Cette situation rend selon lui « impossible aujourd'hui même pour un distributeur, pour un acheteur d'avoir un plan d'achat », soulignant les difficultés opérationnelles rencontrées par les acteurs du secteur face à ces fluctuations brutales.

Une réunion cruciale à Bercy pour faire le point

Une réunion était prévue ce lundi à 11h à Bercy avec les représentants des distributeurs, convoquée par le cabinet du ministre des PME Serge Papin pour « faire le point sur l'évolution des prix ». Cette rencontre intervient alors que le gouvernement avait appelé le weekend dernier les distributeurs à baisser leurs prix suite à un recul temporaire des tarifs du pétrole.

Risques d'inflation sur les produits alimentaires à moyen terme

Concernant les produits de grande consommation, Michel-Édouard Leclerc a d'abord voulu rassurer en affirmant que « le prix du caddie, dans les semaines qui viennent, n'augmente pas ». Cependant, il a émis une mise en garde sérieuse pour l'avenir.

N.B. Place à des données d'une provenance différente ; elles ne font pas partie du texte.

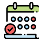
Monthly Grading Details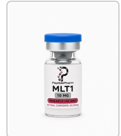
MLT1 10mg - MT110-05072026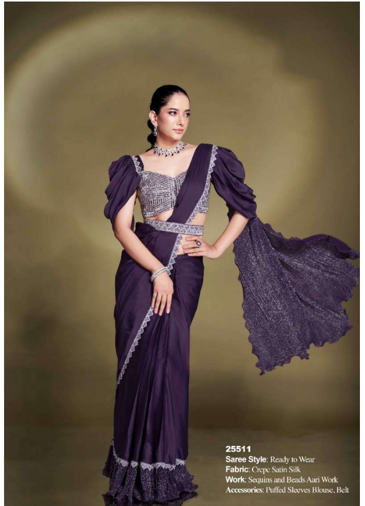
25511 Saree Style: Ready to Wear Fabric: Crepe Satin Silk Work: Sequins and Beads Aari Work Accessories: Puffed Sleeves Blouse, Belt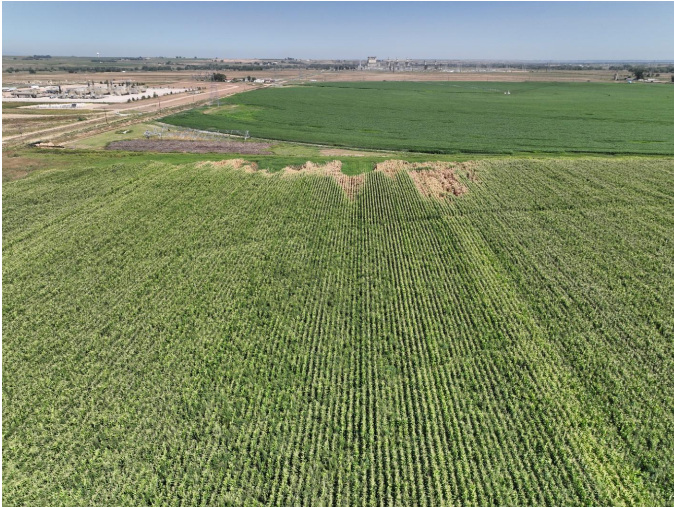
Photo 3. Drone aerial imagery taken south of well location, facing north (displaying the well and access road).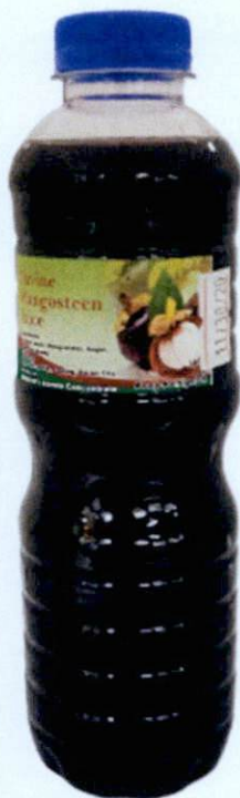
Figure 2. Unregistered DAVINE Mangosteen Juice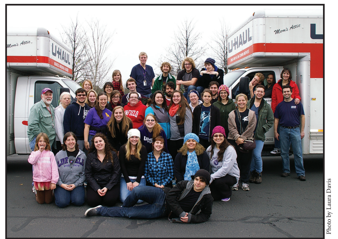
The Company is ready to head to Pacific City after loading the trucks.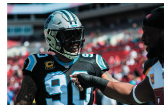
Three of the top four sack artists in NFL history played for the Panthers at one point in their career.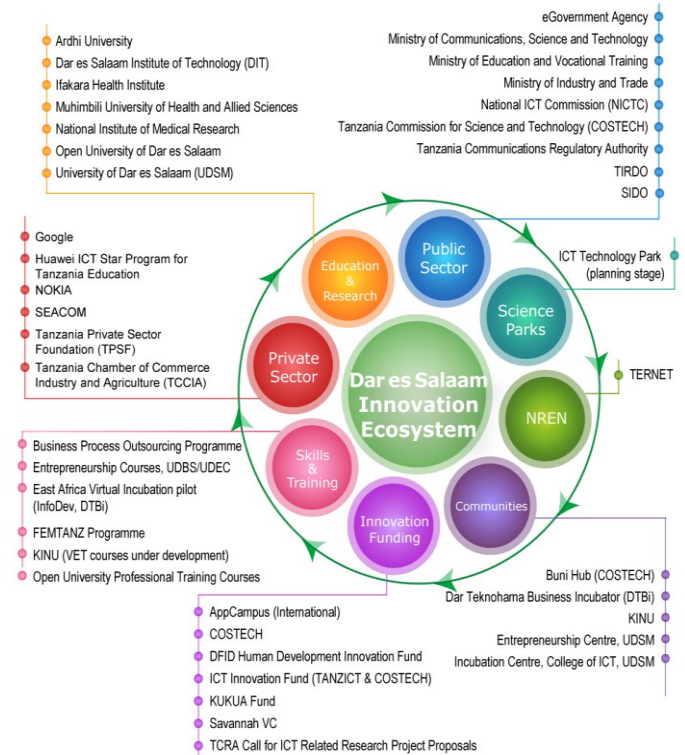
Figure 2. Dar es Salaam Innovation Ecosystem [4]

As outlined in Figure 2 below, since 2011 the Dar es Salaam Innovation Ecosystem has gradually expanded to include Innovation Spaces and Incubators.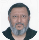
Shri Shakti Sinha

Former Commander-in-Chief, Western Naval Command, Indian Navy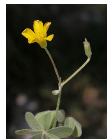
Creeping Wood Sorrel Oxalis corniculata Introduced Perennial Oxalis Family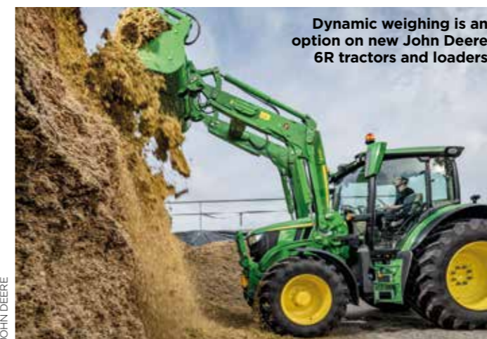
Dynamic weighing is an option on new John Deere 6R tractors and loaders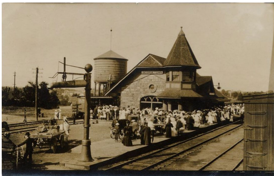
Figure 2: A crowd waits for the train outside the Grand Trunk Railway Station in Georgetown, c.1908 (EHS p315f)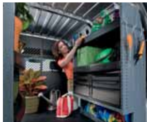
LEGGETT & PLATT SYSTEM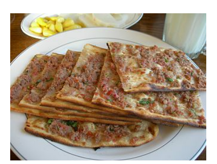
Etli ekmek is a local dish of Konya

Konya was the final home of Rumi (Mevlana), whose tomb is in the city. In 1273, his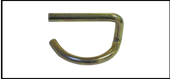
Safety clips 1600100 5929697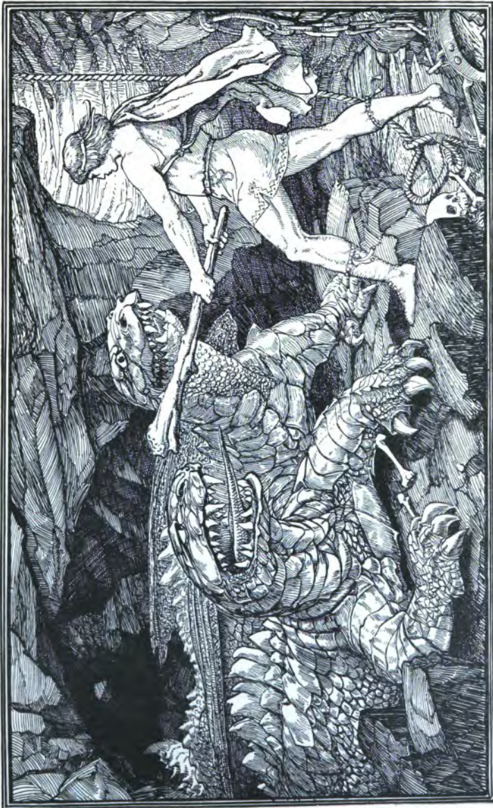
STRONG SIR BEVIS KEEPS THE TWO DRAGONS AT BAY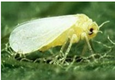
Adult Silverleaf whitefly

Silverleaf whitefly are controlled by Encarsia, Nesidiocoris and yellow sticky traps.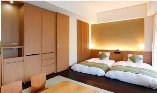
Japanese Twin Rooms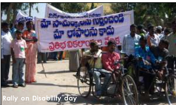
Rally on Disability day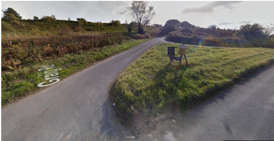
Figure 4 Graig Road – from the Ty Mawr Pub, head towards Caerphilly (Cefn Onn Farm), approx. 1 mile on the right)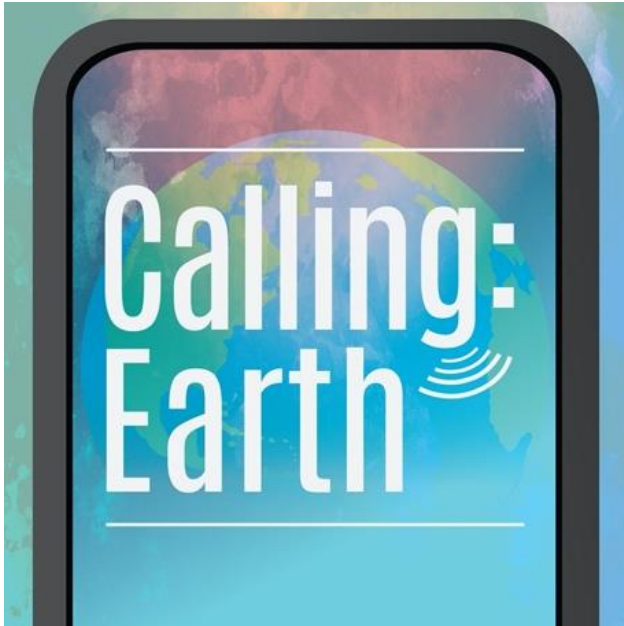
Figure 1. Season 1 Logo

The first logo continued to be used for the entire first season, but before the second season was released, the library's new communications and marketing coordinator assisted with the creation of a new logo that looked more sophisticated and more in-line with other podcast logos. Having an in-house graphics designer was extremely helpful in rolling out a new logo (See figures 1 and 2).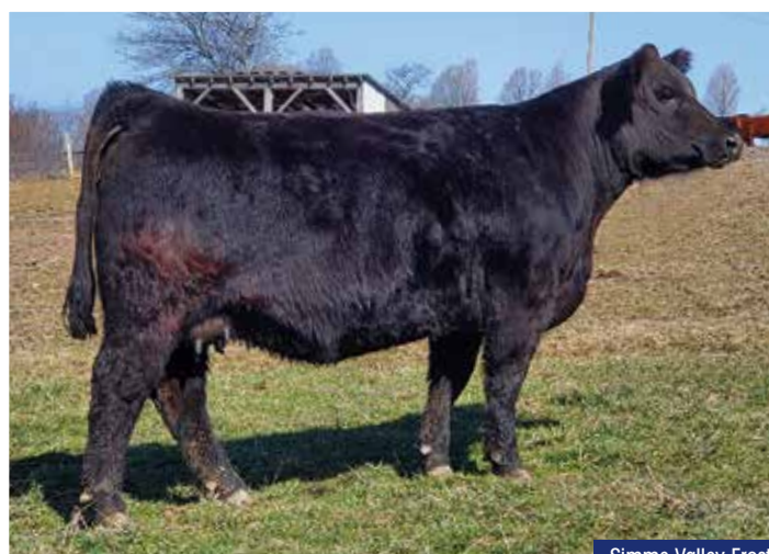
Simme Valley Frosty

Si la crise énergétique persiste et affecte durablement les fournisseurs, « il y aura une inflation du double à la fin ou du triple », a-t-il prévenu, soulignant l'impact potentiel en cascade sur l'ensemble de la chaîne de production et de distribution des produits alimentaires.

Une perspective économique préoccupante pour les mois à venir

Les prévisions de Michel-Édouard Leclerc dressent un tableau économique préoccupant pour les prochains mois. Avec au moins six mois de crise énergétique anticipée, les consommateurs français devront probablement composer avec :

  • Des prix élevés et volatils des carburants
  • Des tensions sur le pouvoir d'achat des ménages
  • Des risques inflationnistes sur les produits de consommation courante
  • Un débat politique intense sur les mesures à prendre pour soulager la situation

La position ferme du dirigeant de E. Leclerc contre le plafonnement des marges et en faveur de la suspension des certificats d'économies d'énergie ouvre un débat crucial sur les meilleures stratégies à adopter face à cette crise énergétique prolongée qui s'annonce.